**WHAT IS REQUIRED**:
Your answer must be an exact copy of the data, without any pictures.

--*--

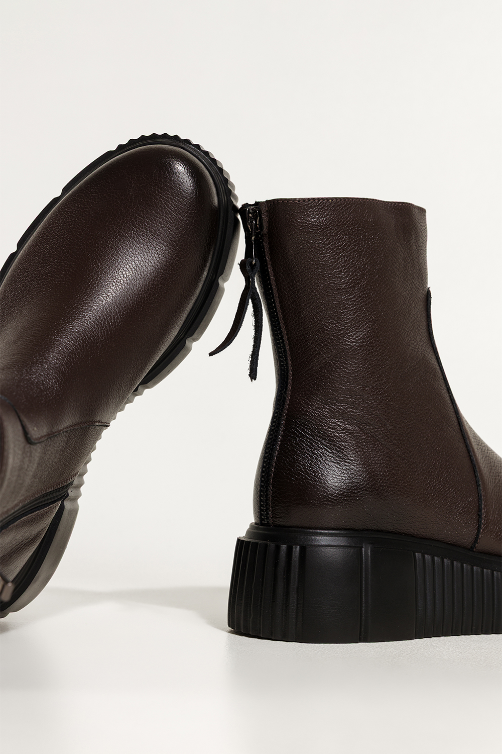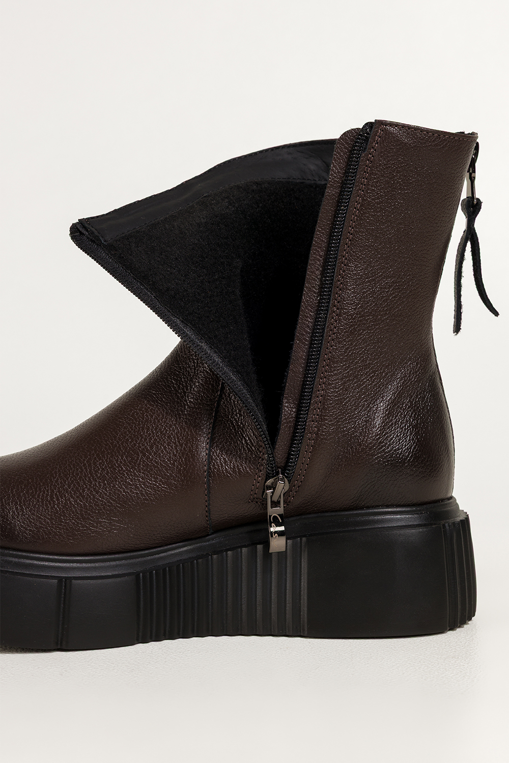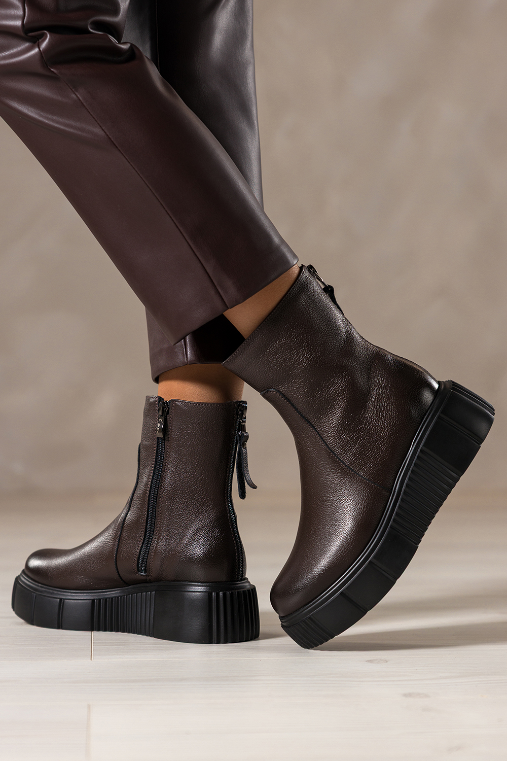 Czekoladowe botki skórzane damskie na żłobionej platformie z ozdobnym zamkiem z tyłu PRODUKT POLSKI
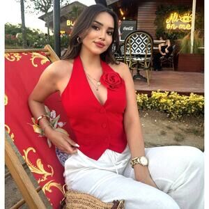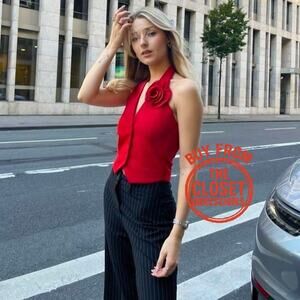 RARE!!! BLOGGER FAVE!!! Red fitted vest with flower detail. Halter neckline with wide straps. Two welt pockets on the front. Button fastening on the front section. From MANGO, in size S, M and L. New with tags. Sold out in stores.
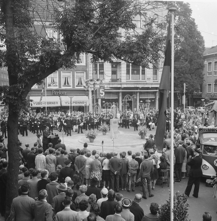 Unveiling of the statue Het Amsterdams Lieverdje on the Spui, overview of the ceremony, 10 September 1960, Disclosures, statues, overviews, ceremonies, The Netherlands, 20th century press agency photo, news to remember, documentary, historic photography 1945-1990, visual stories, human history of the Twentieth Century, capturing moments in time
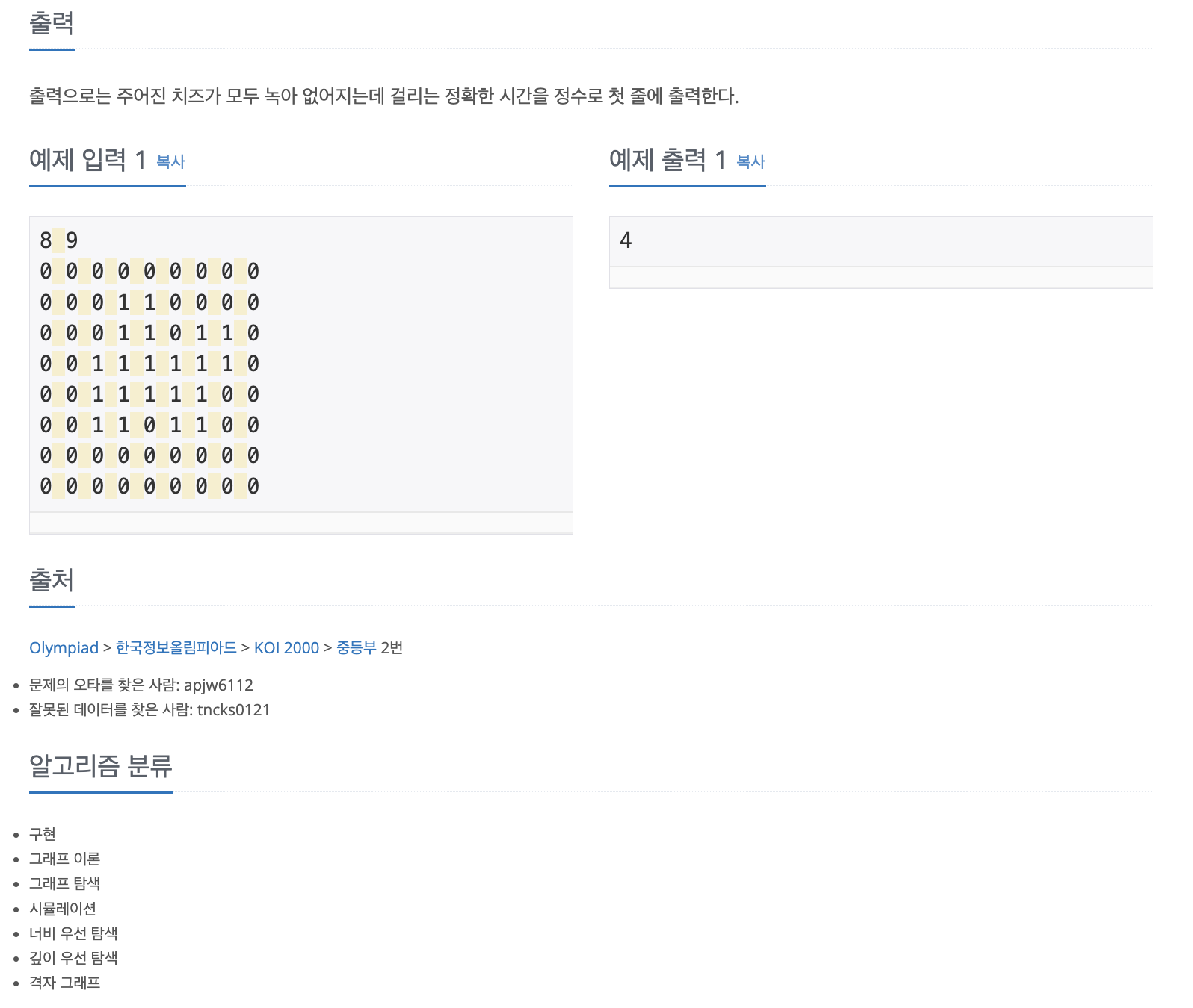 탐색 중에 치즈를 녹인다면 다른 곳을 탐색할 때 영향을 미치므로 이를 저장해두었다가 마지막에 한 번에 바꿔줬다.
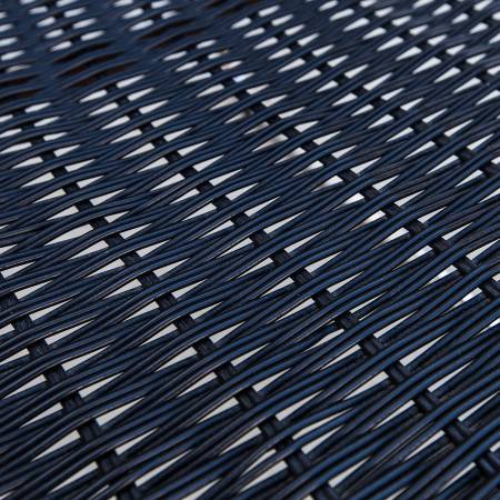 The black PVC weave remains fully intact and the beechwood arms were recently refinished. The frame has accumulated plenty of rust (the chair sat outdoors, exposed to the elements for years) and the chrome plating has worn off in some spots.
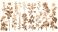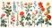 • Intricate vintage botanical illustration of various flowers on a white background.
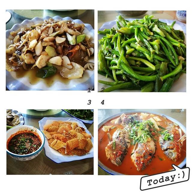 中午在 喜洲 古镇吃的饭,包车师傅胖哥带去的。价格和味道都还行。野生菌炒腊肉+炒水性杨花+白族特色生猪皮+白族的一个什么酸辣鱼。分量依然超级大。我们两男两女,这四个菜依然没吃完 好绝望。
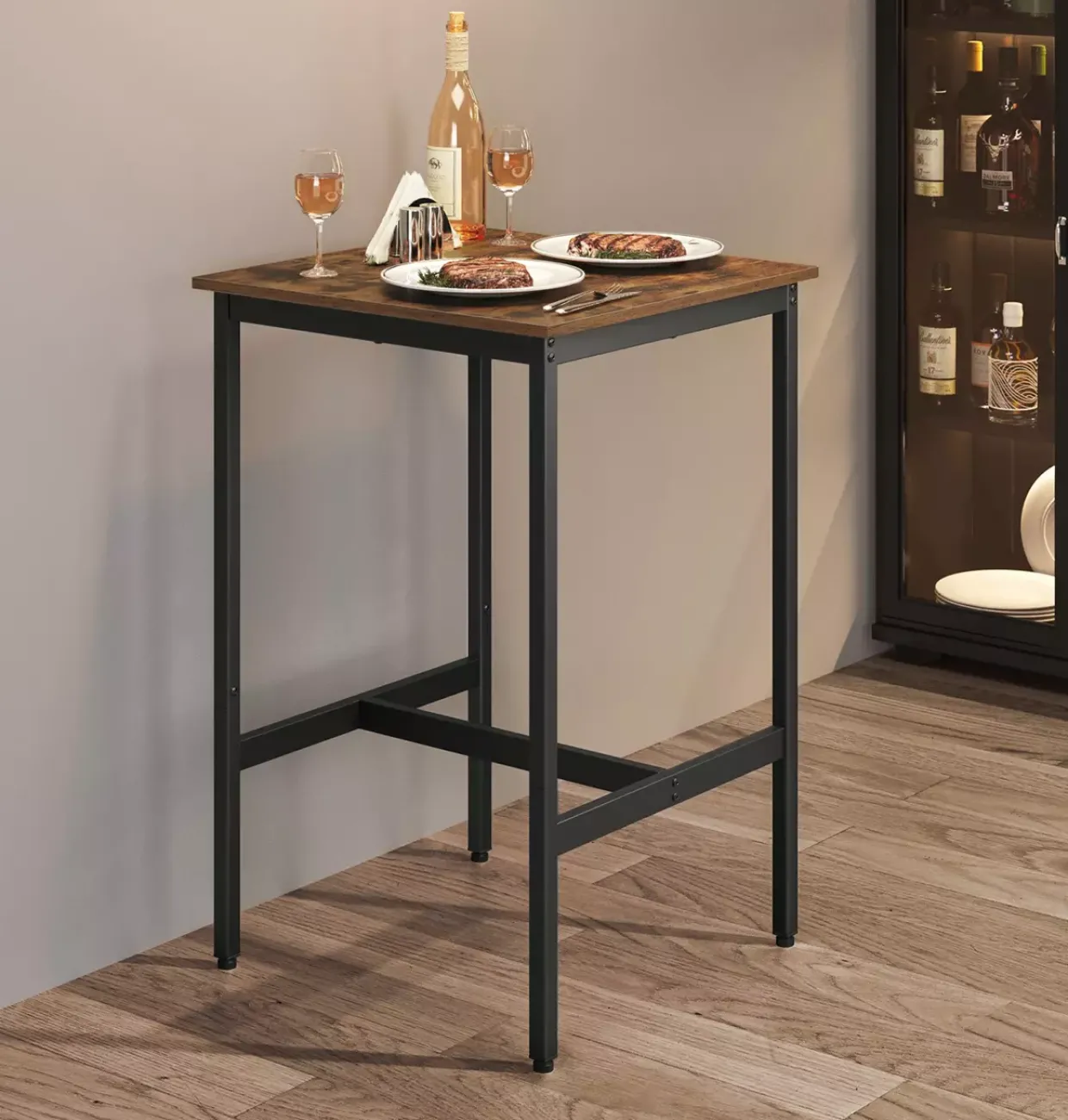 Metall und Holzwerkstoff bieten eine langlebige Basis, die sowohl funktional als auch visuell ansprechend ist. Diese Materialien ergänzen sich ideal und sorgen für Stabilität sowie eine moderne Optik. Die sorgfältige Verarbeitung lässt den Bartisch zu einem langlebigen Begleiter in Ihrem Wohn- oder Essbereich werden.

--*--

**SOLUTION FOR THIS EXERCISE**:
 Czekoladowe botki skórzane damskie na żłobionej platformie z ozdobnym zamkiem z tyłu PRODUKT POLSKI
 RARE!!! BLOGGER FAVE!!! Red fitted vest with flower detail. Halter neckline with wide straps. Two welt pockets on the front. Button fastening on the front section. From MANGO, in size S, M and L. New with tags. Sold out in stores.
 Unveiling of the statue Het Amsterdams Lieverdje on the Spui, overview of the ceremony, 10 September 1960, Disclosures, statues, overviews, ceremonies, The Netherlands, 20th century press agency photo, news to remember, documentary, historic photography 1945-1990, visual stories, human history of the Twentieth Century, capturing moments in time
 탐색 중에 치즈를 녹인다면 다른 곳을 탐색할 때 영향을 미치므로 이를 저장해두었다가 마지막에 한 번에 바꿔줬다.
 The black PVC weave remains fully intact and the beechwood arms were recently refinished. The frame has accumulated plenty of rust (the chair sat outdoors, exposed to the elements for years) and the chrome plating has worn off in some spots.
 • Intricate vintage botanical illustration of various flowers on a white background.
 中午在 喜洲 古镇吃的饭,包车师傅胖哥带去的。价格和味道都还行。野生菌炒腊肉+炒水性杨花+白族特色生猪皮+白族的一个什么酸辣鱼。分量依然超级大。我们两男两女,这四个菜依然没吃完 好绝望。
 Metall und Holzwerkstoff bieten eine langlebige Basis, die sowohl funktional als auch visuell ansprechend ist. Diese Materialien ergänzen sich ideal und sorgen für Stabilität sowie eine moderne Optik. Die sorgfältige Verarbeitung lässt den Bartisch zu einem langlebigen Begleiter in Ihrem Wohn- oder Essbereich werden.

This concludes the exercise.